Dr. Vaclav Smil, author of Enriching the Earth, a fine book on the history of nitrogen in agriculture, says the world would need the manure from another 7 to 8 billion cattle to replace the 80 million tons of N we currently take from the air industrially. America would need the manure from another 900 million to one billion cattle, at three to 30 acres of forage per beast. The U.S. has only 2.1 billion acres in its lower 48 states, so we’d have room for our cities and manure production, but no room for food, forests or national parks.

The Crucial Importance of Farm Trade Reform

Wheat yields in Argentina are double those of Brazil. Sugar yields in Brazil, on the other hand, are double those of beets in the temperate-zone countries. Dairy cattle suffer in the moist tropics. Desert countries have trouble growing feed for livestock and poultry. All over the world, the comparative advantages are far greater and more permanent in farming than in any other industry.

At the same time, the world’s best farmland has relatively few wildlife species. The Great Plains of North America had 60 million bison, 100 million antelopes, and a billion prairie dogs-but that’s only three species. Researchers have recently counted more wild species in three square kilometers of the Amazon rain forest than in all of North America.

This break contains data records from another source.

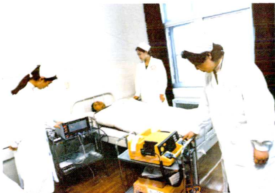
医务人员正在为重危病人作监护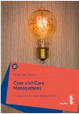
Case und Care Management Ladenpreis: 24,90EUR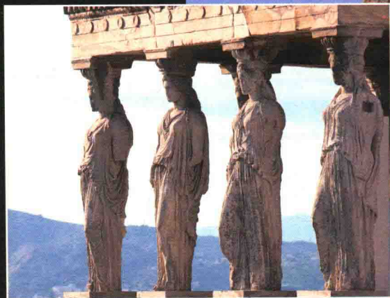
伊瑞克提翁神庙少女像柱

帕特农神庙位于希腊首都雅典卫城古城堡中心，帕特农神庙是供奉雅典娜女神的最大神殿，它从公元前447年开始兴建，9年后大庙封顶，又用6年各项雕刻才告完成。后来神庙毁于战火，现仅留有一座石柱林立的外壳。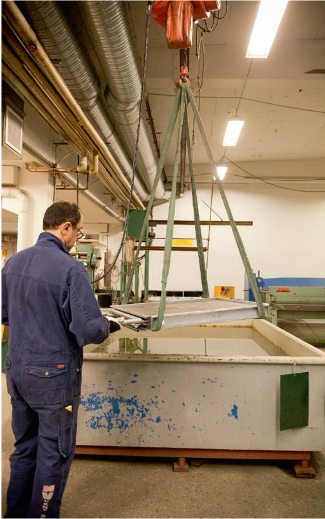
Värmeväxlarna provtrycks i vattenbad, innan leverans.

välja linje i gymnasiet. För det är ett framtidsyrke, menar han, men det måste marknadsföras bättre för att ungdomarna ska få upp ögonen för det.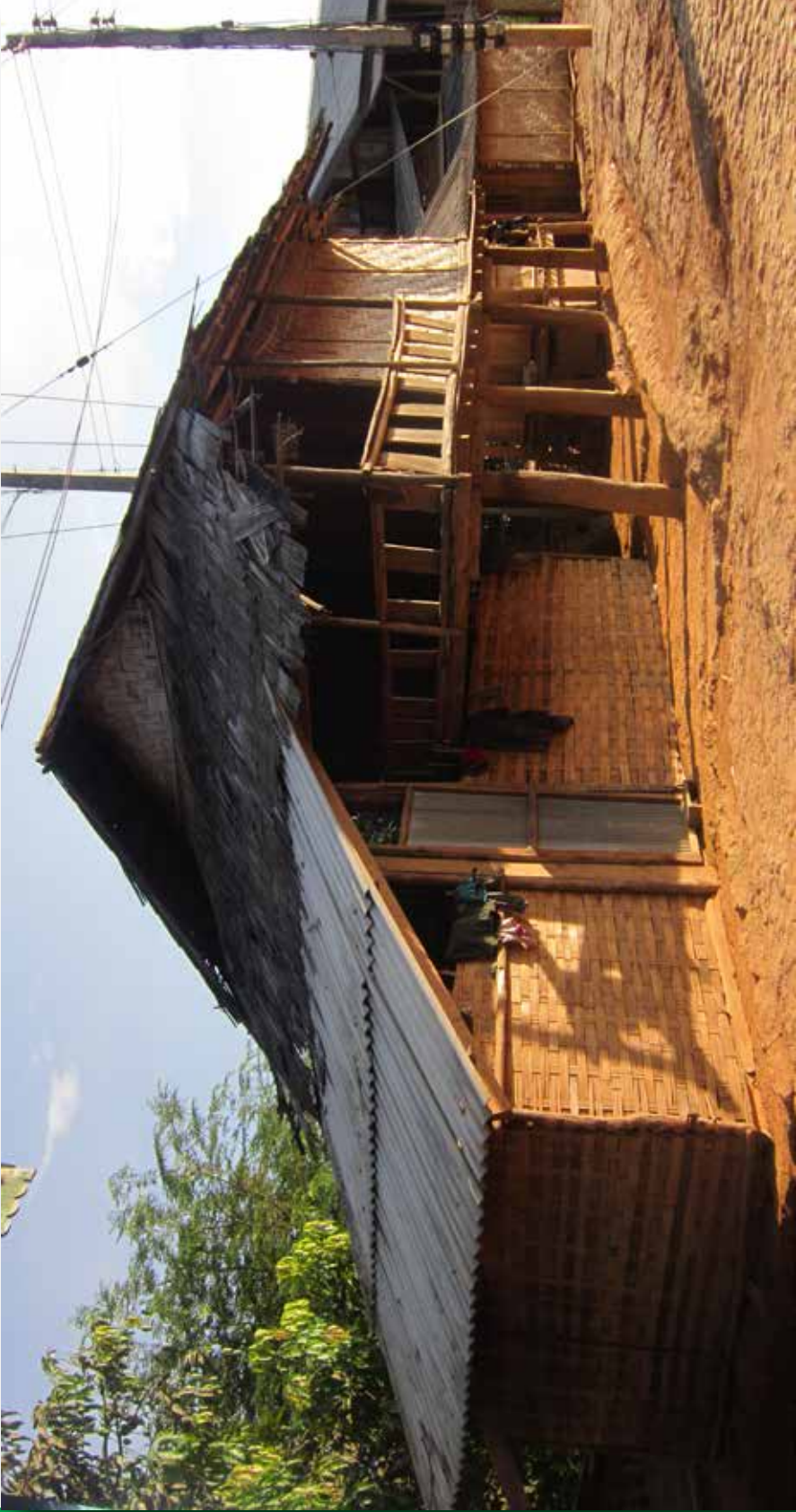
ឃាប​តែ​យៈ រា​ន​ឌុ​ន​ជើ​តា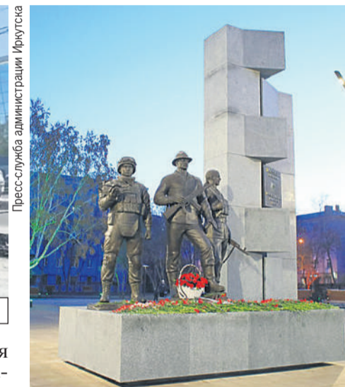
На площади Декабристов установили скульптуру, посвященную защитникам Отечества.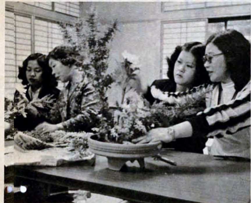
ホラ、ここはこうした方が生きてくるでしょう（生け花講座）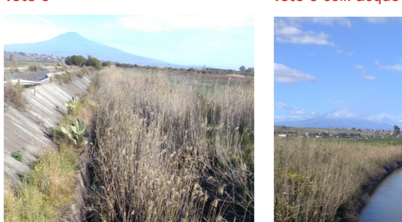
foto 5 coll. acque basse nord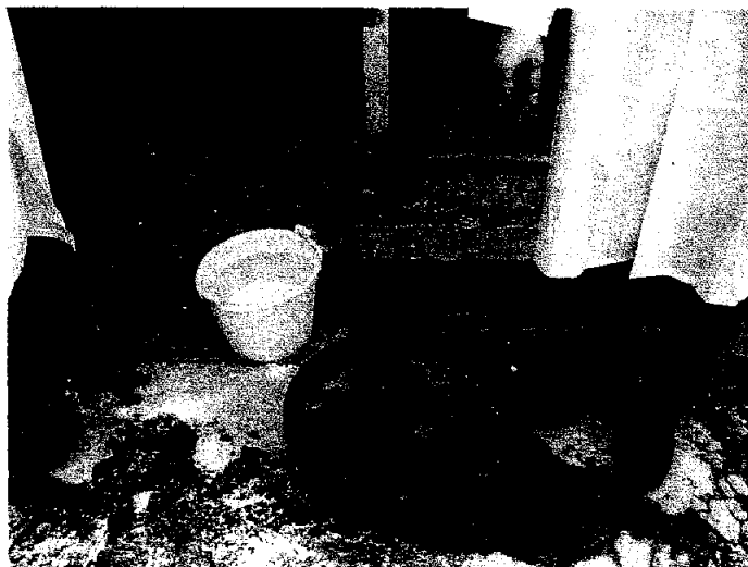
進入飼養場前的消毒步驟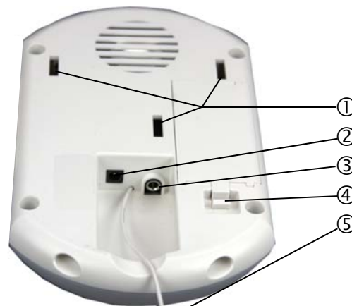
Figur 2 Baksiden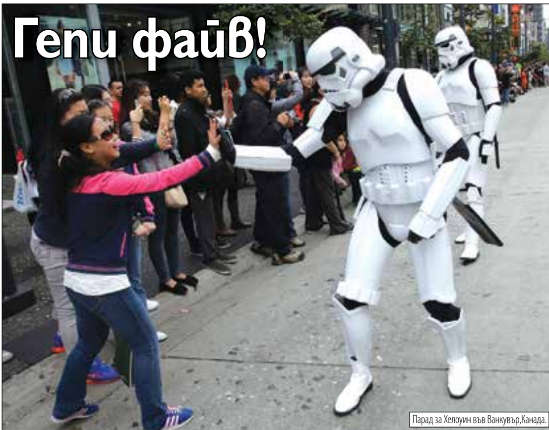
Парад за Хелоуин във Ванкувър, Канада.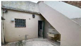
VILLA MARTELLI PH 3 Amb

Ph 2 ambientes en planta baja sin expensas, 135m2, patio y terraza, ubicado a metros de avenida Laprida, (depa2384)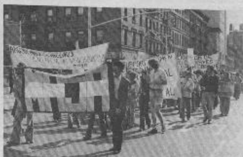
MASA SE HACE SOLIDARIO EN ESTA FECHA CON LOS HERMANOS CHILENOS Y ENVIA SU FRATERNAL SALUDO A ESE HEROICO PUEBLO QUE LUCHA CONTRA LA DICTADURA Y QUE CONSTRUYÓ EL CAMINO QUE LLVARA AL TRIUNFO DE LA REVOLUCION SOCIALISTA.

EL 11 DE SEPTIEMBRE SE CONMEMORÓ EN TODO EL MUNDO LOS TRES AÑOS DEL DERROCAMIENTO DEL GOBIERNO DE UNIDAD POPULAR QUE TRAJERA LA PODER A LA SANGRIENTA DICTADURA MILITAR DE PINOCHET. TAMBIÉN ESTA FECHA TIENE ESPECIAL SIGNIFICACION POR LA MUERTE EN COMBATE DE ESE GRAN LIDER REVOLUCIONARIO QUE FUERA SALVADOR ALLENDE.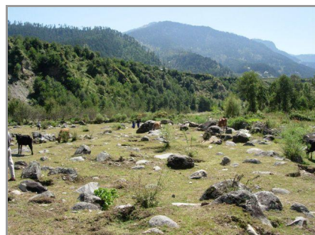
Le terrain que nous attendons avec impatience, au lieu-dit « Pandra Mile » à mi-chemin entre Kullu et Manali.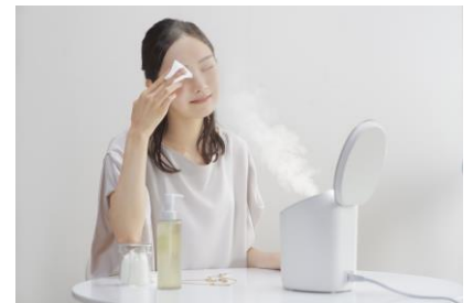
▲1回の使用で、水分量と浸透量約 20%UP ※8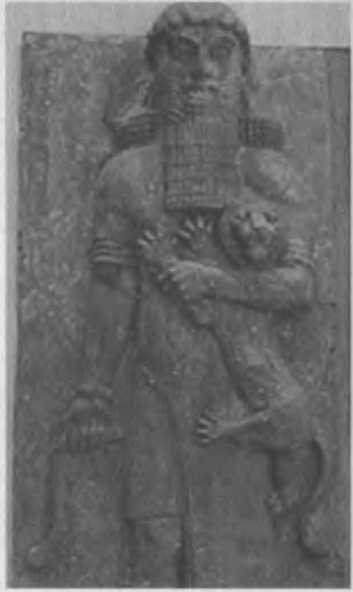
Gilgameş (Bilgameş ) Mühür – Heykel. Beş bin yıl önce ki yapılmış şekliyle.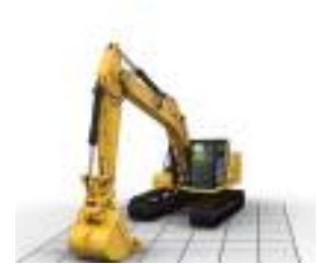
PROTECCIÓN ELECTRÓNICA HACIA ABAJO (E-WALL FLOOR)

The goal of world farm policy should be to use its best land as intensively as sustainability permits, and to leave as much of the poorer land as possible to Nature. Free trade and agricultural research are the two powerful ways to do this.

Without farm trade liberalization, the 21st century promises to be a period of stifling stagnation for the world’s export farmers, and a period of high food costs and wildlands destruction in the densely-populated parts of the Third World.

With farm trade liberalization, there will be a hugely dynamic interaction between population growth, increased incomes, consumer tastes, pet numbers, cropland, and new technology. There is no way we can pick all the winners in advance-but we can be sure that this competition will be healthier and more constructive than the subsidy-imposed stagnation of world farm markets that is the alternative.